→ **Exercise instructions**
Every line of the data below should be retyped exactly, with no images carried over.

Records from a data collection
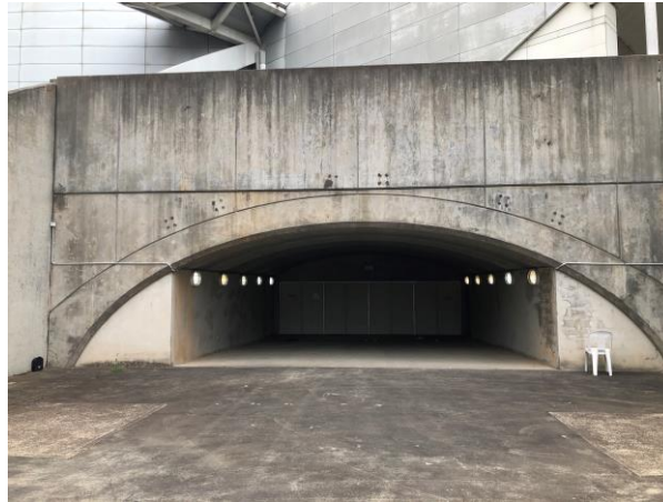
ALL EVENT ATTENDEES ENTRANCE
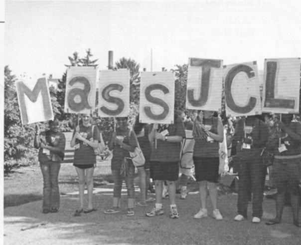
MassJCLers prepare for the first spirit competition at the 2006 NJCL convention at Indiana University.

My experience as a first-time delegate was life changing and so completely different than what I had anticipated that it took me a full week to recover. I had so much fun and I learned so many things that I feel as if I'm becoming a whole new person. All the work and dedication put into preparing for this trip turned out to be worth it; all the art projects, certamen homework, and plain old studying truly did pay off. I sacrificed two months of my summer to my studies! Although even I can't believe I did such a thing, I would not
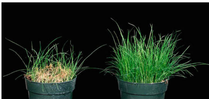
Plate 1 Dollar Spot on Turf caused by Sclerotinia homeocarpa
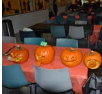
Pumpkins students created
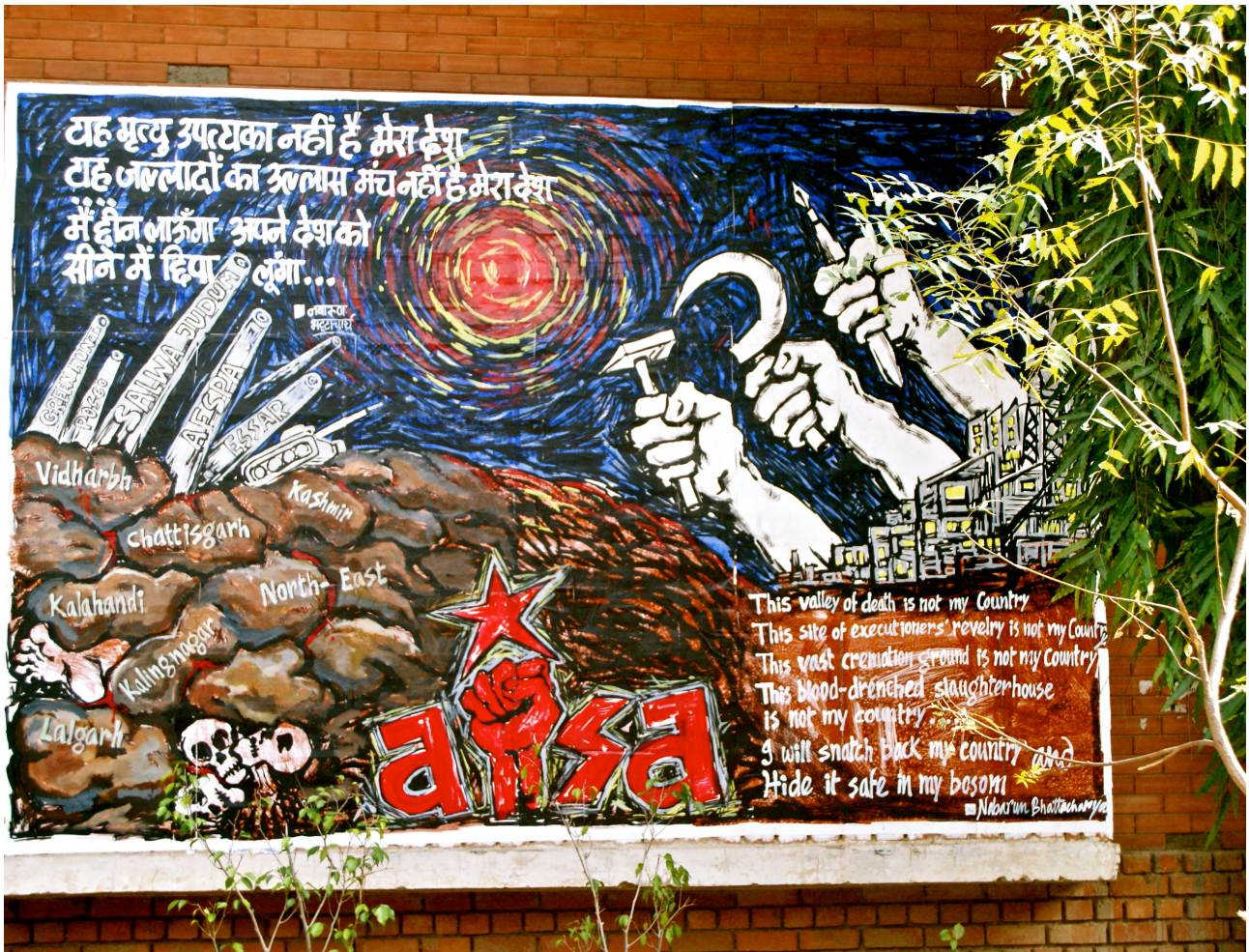
Figure 3: Wall painting at Jawaharlal Nehru University.

wall paintings criticize communists, Naxalites, and Marxists, exhorting “no glory for Marxists” and spurring students on to action: “When communism is the enemy, it is a crime not to fight.”
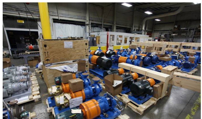
Inspected pumps with certification tags await shipping to customers at ITT Goulds Pumps in Seneca Falls, N.Y.

For obvious reasons, over-testing is not an issue for manufacturers. After all, the more tests
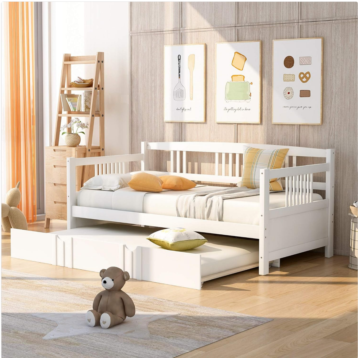
Image 1.1: The Flieks Wooden Daybed with Trundle, showcasing its design and the pulled-out trundle bed.

→ **Solution to this problem**
ALL EVENT ATTENDEES ENTRANCE
MassJCLers prepare for the first spirit competition at the 2006 NJCL convention at Indiana University.

My experience as a first-time delegate was life changing and so completely different than what I had anticipated that it took me a full week to recover. I had so much fun and I learned so many things that I feel as if I'm becoming a whole new person. All the work and dedication put into preparing for this trip turned out to be worth it; all the art projects, certamen homework, and plain old studying truly did pay off. I sacrificed two months of my summer to my studies! Although even I can't believe I did such a thing, I would not
Plate 1 Dollar Spot on Turf caused by Sclerotinia homeocarpa
Pumpkins students created
Figure 3: Wall painting at Jawaharlal Nehru University.

wall paintings criticize communists, Naxalites, and Marxists, exhorting “no glory for Marxists” and spurring students on to action: “When communism is the enemy, it is a crime not to fight.”
Inspected pumps with certification tags await shipping to customers at ITT Goulds Pumps in Seneca Falls, N.Y.

For obvious reasons, over-testing is not an issue for manufacturers. After all, the more tests
Image 1.1: The Flieks Wooden Daybed with Trundle, showcasing its design and the pulled-out trundle bed.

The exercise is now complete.